Say Potato One More Time – SanctuaryRPG: Black Edition Review

Developer: Black Shell Games
Publisher: Plug In Digital
Platform: PC (Steam)
Review Copy Provided By: Plug In Digital
Release Date: February 13, 2015

All too often we to get caught up in the rapid evolution and distribution of gaming technology. We fawn over the bright and shiny lights that AAA developers blast in our faces, but oftentimes that blinding light obscures smaller titles, some of which are far more deserving of our time and hard(ly)-earned cash.  It seems like high time we harken back to the days of old, where stories carried the game and graphics were considered good if they had more than three colors. SanctuaryRPG: Black Edition, a turn-based dungeon crawler by Black Shell Games, brings us back to the days of old with a text-based blast straight from the nostalgic past.

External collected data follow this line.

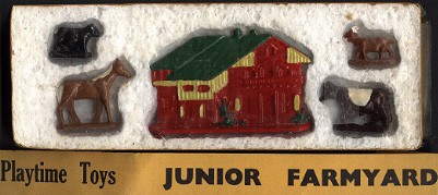 Of special interest is the "Junior Farmyard Set," which consisted of a semi-flat (German house, with four miniature animals, usually a cow, horse, sheep and goat. These five models were embedded into a flat block of expanded polystyrene (180x70x22mm) which was contained around the edge by a strip of cardboard, printed with "Playtime Toys Junior Farmyard Set." The whole package was then wrapped in light clear cellophane and sello-taped into position.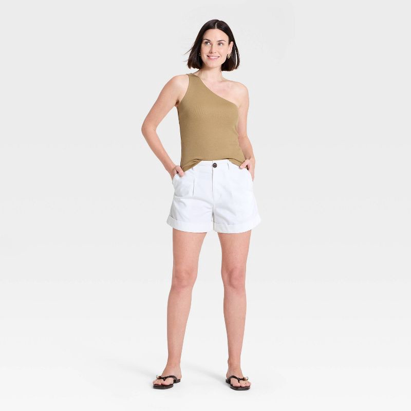 This One-Shoulder Rib-Knit Tank Top from A New Day™ makes a statement addition to your top collection. Made from a midweight fabric blend of cotton, rayon and spandex with lining, this ribbed tank top…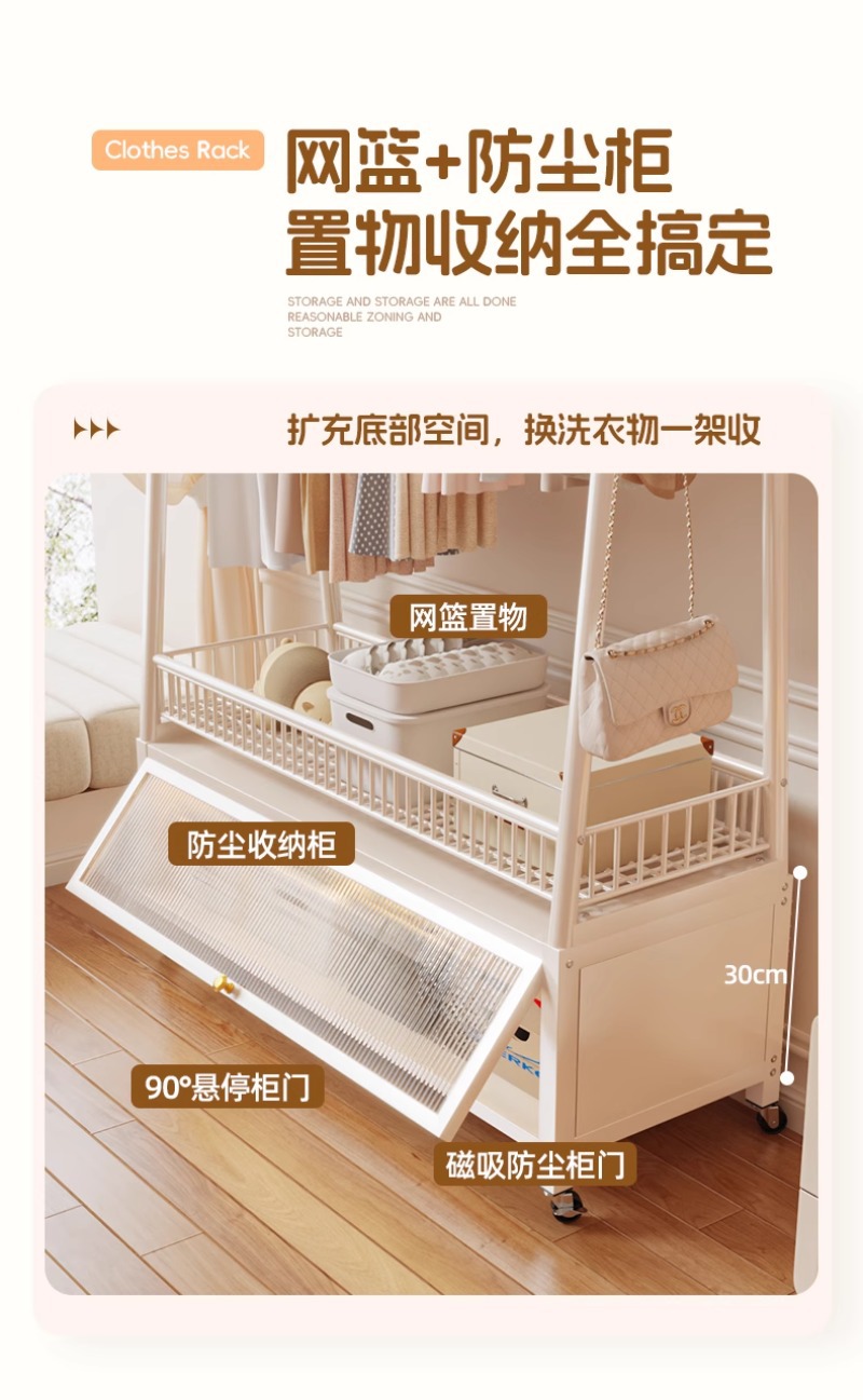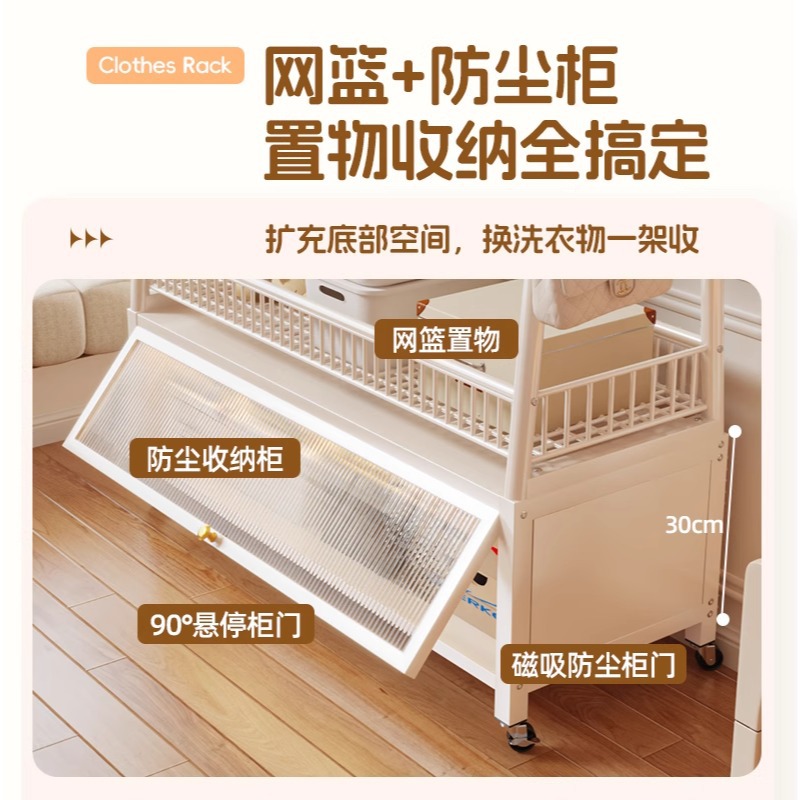 80CM-밀크화이트 [수납망바구니+방진사물함] 후크+바퀴 포함

Dragons, Robots, and Blobs, Oh my!
After booting up the game (which required all the technology afforded in a ten year-old graphing calculator) and customizing my character and class, my fat wizard, Shartleby, and I dove head first into the the asterisks, ampersands, and hyphens that made up the world around us. The game’s eclectic mix of environments, themes, and baddies ranges on the bizarre, and you’ll just as soon get whiplash from fighting demons and skeletons, only to move onto battling death machines and blobs of slime.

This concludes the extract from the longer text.